MOUNTAIN VIEW, Calif. — Hustling to bring cars that drive themselves to a road near you, Google finds itself somewhere that has frustrated many before: Waiting on the Department of Motor Vehicles.

The tech titan wants the freedom to give the public access to self-driving prototypes it has been testing on public roads since the summer. Before granting that permission, California regulators want Google to prove these cars of the future already drive as safely as people.

The Department of Motor Vehicles was supposed to write precedent-setting rules of the road by last Jan. 1. Nearly a year later, it is still struggling. After all, the agency is geared to administering driving tests and registering cars, not settling complicated questions the technology raises.

DO THEY NEED STEERING WHEELS?

If the cars’ advanced sensors and computing power can drive better than humans, do they need a steering wheel and pedals? Would a person even need to be inside? Google says no.

Regulators don’t want to be blamed for unnecessarily stalling the arrival of robo-chauffeurs that can see farther, react faster and don’t text, speed or fall asleep. They’ve implored Google and traditional automakers also developing the technology to share safety data, but companies in competition don’t willingly reveal trade secrets.

Delay is not what Google had in mind when it pushed the 2012 legislation making California one of the few state to authorize self-driving cars. Google hoped to trade independence to innovate without government oversight for regulatory certainty.

Three years later, a company that abhors bureaucracy and a DMV struggling to write rules beyond its expertise are exasperated.

While self-driving cars are not close to being widely available, Google hinted in 2014 it wanted to get self-driving cars into public hands as early as 2016, probably starting with employees outside its small corps of self-driving car experts.

More recently, the project’s leader, Chris Urmson, has said he doesn’t want his eldest son to need a driver’s license when he turns 16 in 3-1/2 years.

The bubble-shaped, two-seater prototype can’t go anywhere, any time. It is limited to places Google has surveyed in great detail. It can’t handle fog or snow. Top speed: 25 mph.

Google’s 73 cars are among the 98 test vehicles that California’s DMV has given 10 companies permission to test publicly.

Though trained test drivers must sit behind the wheel, Google wants to remove the wheel and pedals for the general public. Its argument: It would be safer to take all control away than expect a person to snap safely to attention in an emergency.

As a famously data-driven company, Google proposes a composite sketch of evidence would show its cars are safe.

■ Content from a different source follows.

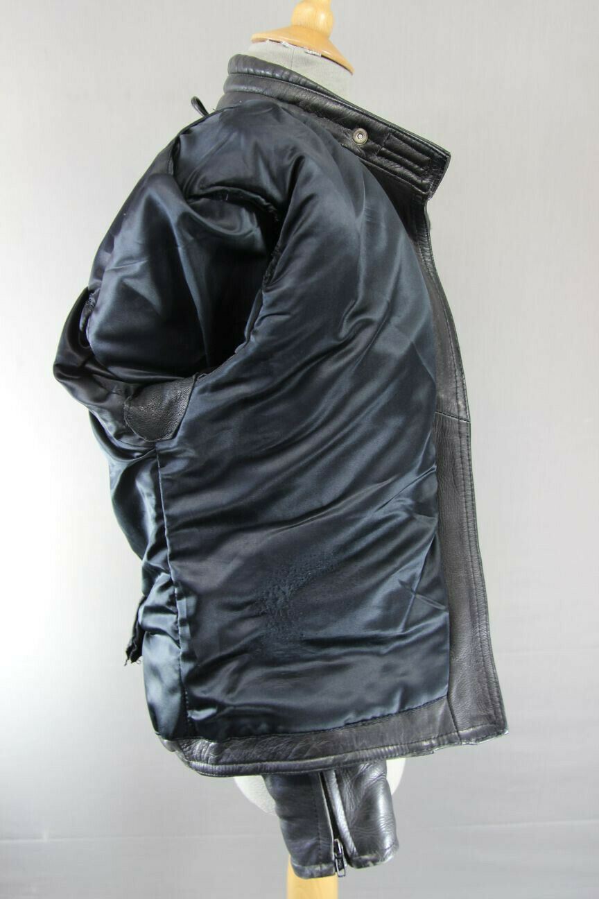 The jacket has a smooth black lining. There are leather panels on the lining under the arms.

Each day, Google runs more than 3 million miles of computerized driving simulations. Engineers devise real-world situations, then see how the cars respond. A “functional safety analysis” assesses what hardware or software might fail and how to minimize those risks.

Public road testing is the last piece. Google reports its cars have been involved in 17 collisions over 2.2 million miles of testing, nearly 1.3 million miles in self-driving mode. While that accident rate appears to be higher than for human drivers (though Google disputes that), accident summaries Google has published say its cars did not cause any accident.